Все-таки опыт следователя часто мне пригождается. Вот и сейчас – внезапность нападения обезоружила противника. И он раскрыл свои карты. Вы спросите: а если бы Гера не был в субботу в фирме и не видел бы Родина? Что ж, я бы просто извинился, и все… В любом случае я ничего не теряю.
Через минуту Гера вернулся.
– Вот, – он шлепнул о стол объемистой папкой, – это то, зачем мы встречались в субботу с Родиным.
Честно говоря, содержимое папки меня несколько разочаровало. Сплошные таблицы и графики. Минимум текста, и тот на немецком языке.
– Что это?
– Вы не поверите, но в этой папке содержится три года моей жизни. Вам непонятно? Объясню. Для того чтобы обосновать некоторые утверждения в моей диссертации, нужно сделать тысячи замеров, сделать вычисления, построить графики и так далее. Но в свое время Машкин делал нужные замеры. Вернее, конечно, не он сам, а по его поручению… Что, в общем-то, неважно. Короче говоря, все нужные мне замеры и вычисления уже сделаны. Они содержатся именно в этой папке.
– И почему Родин прямо из аэропорта сломя голову поехал в офис? Откуда такая спешка?
– Я… – Гера замялся, – я пошел в четверг к Машкину. И объяснил, что, если он не предоставит мне эти расчеты, я предам огласке некоторые факты, касающиеся его научной карьеры. Вот и все. Он легко согласился, ответил, что готов отдать мне свои расчеты. Но сделать это сможет только после возвращения Родина. Очевидно, он ему позвонил – и тот прямо из аэропорта поехал в офис.
– Интересно, почему без Родина это было невозможно?
– Очень просто. Родин, как заместитель Машкина, занимался всеми текущими делами, в том числе и архивами. Поэтому только он имел доступ к личным картотекам Машкина, без которых эту папку было не найти. Естественно, Машкина все эти мелочи не интересовали.
– Расскажите, что было в субботу.
– Я знал, что Родин должен вернуться в субботу и, скорее всего, заехать сразу в институт, чтобы извлечь из архивов эту папку. Я пришел на работу с утра, встретился с Родиным, взял папку, и все. Мы, в общем-то, и не разговаривали. Понимаете, он ведь знал о моих отношениях с Диной… А я знаю о его, Родина, отношениях с ней же. Поэтому трудно требовать от нас нежной дружбы.
– Вы взяли папку, и все?
Гера кивнул.
– Я думаю, вы чем-то серьезным пригрозили Машкину, что он потребовал от своего заместителя моментально выдать вам папку…

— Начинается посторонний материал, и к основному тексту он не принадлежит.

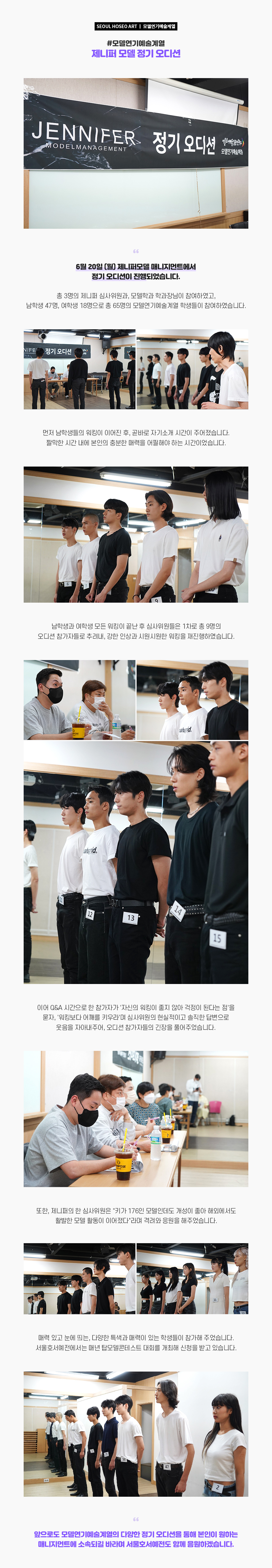 6월 20일 (월) 제니퍼모델 매니지먼트에서 정기 오디션이 진행되었습니다. 총 3명의 제니퍼 심사위원과, 모델학과 학과장님이 참여하였고, 남학생 47명, 여학생 18명으로 총 65명의 모델연기예술계열 학생들이 참여하였습니다.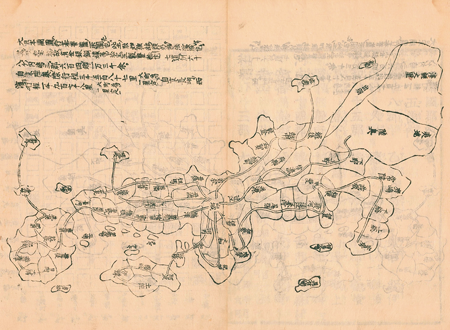 This is an ancient map of Japan. Although it is thought that a monk from the Nara period named GYOKI created this map, no copy of the original map exists at present and its authenticity is unknown. However, this map was used as the prototype for Japanese maps for a long time, and it is believed that all Japanese maps before the appearance of NAGAKUBO Sekisui and INO Tadataka in the mid-Edo period were based on this Gyoki's map.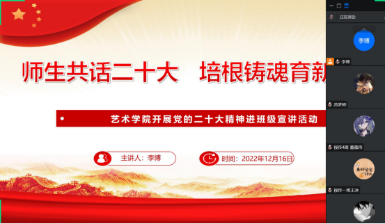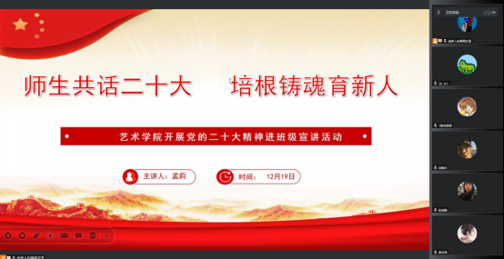 为深入学习宣传贯彻党的二十大精神,把全院师生的思想统一到党的二十大精神上来,落实立德树人的根本任务。根据《中共欧冠官方网站入口委员会关于认真学习宣传贯彻党的二十大精神的通知》,欧冠官方网站入口分别于12月16日至20日期间,组织开展了“师生共话二十大 培根铸魂育新人”党的二十大精神进班级宣讲活动。全体辅导员走进班级,开展“党的二十大精神”主题云宣讲会,引导欧冠官网学子进一步了解大会精神,把握核心要义,深入推进党的二十大精神入脑入心。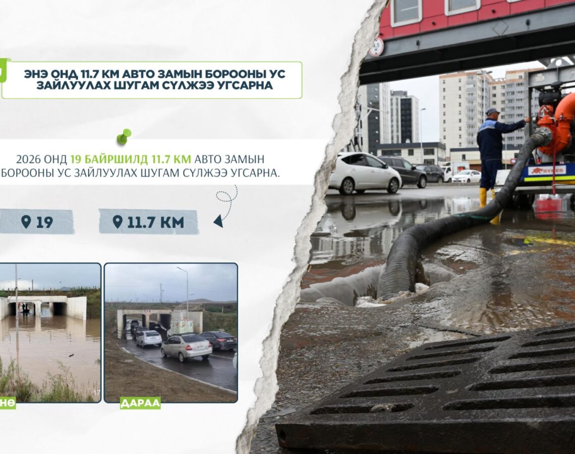 - Нийслэлийн зургаан дүүргийн авто замын борооны болон хөрсний ус зайлуулах 217 км шугам сүлжээний 4034 шүүрт худаг, 4171 ширхэг үзлэгийн худгийн лаг цэвэрлэгээний ажлуудыг тус тус хийж гүйцэтгэнэ.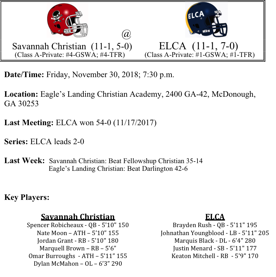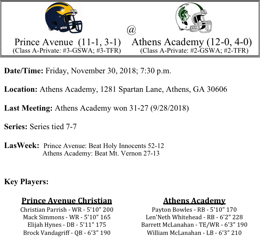 Our GHSA A-Private-Semifinal playoff previews are listed below. This preview features matchups between Prince Avenue Christian-Athens Christian and Savannah Christian-Eagle’s Landing Christian…The seeds have held to form thus far…Will ELCA win their 4th consecutive state title. Can Athen’s Academy beat Prince Avenue for the second time this season…Or perhaps Savannah Christian will be the talk of Class-A-Private…Best of luck to these final four teams as they compete on Friday night.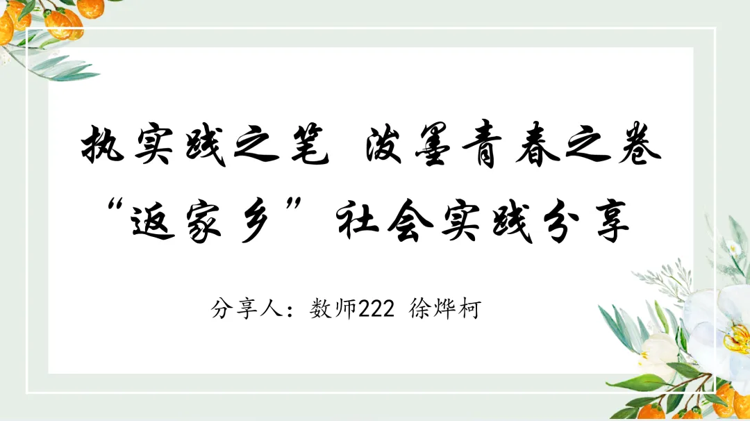 徐烨柯同学多次参加”返家乡”社会实践活动,曾获得“校优秀青年志愿者”、“暑期返家乡社会实践先进个人”等荣誉。在报告会中,她详细讲述自己参加“返家乡”实践活动期间的经验与感悟,并为新生指出“返家乡”社会实践活动的参与方法。同时,她也鼓励新生们要积极投身于各项社会实践活动中,与新时代同向同行、共同前进。

– Поверьте, это касалось только научной карьеры, которую Машкин сделал… ну, скажем так, не слишком честно. Финансов это не касалось – я, разумеется, не обладаю такой информацией. Хотя слухи о том, что через компанию проходит гигантское количество неучтенных алмазов, ходят. И давно.
– Ну об этом даже в газетах пишут, – заметил я, – думаю, Машкин не испугался бы раскрытия некоторых махинаций. Каждому ясно, что в крупнейшей компании, которая занимается вывозом за границу алмазов, без махинаций не обойтись…
Гера рассеянно покачивал в руках чашку с недопитым чаем.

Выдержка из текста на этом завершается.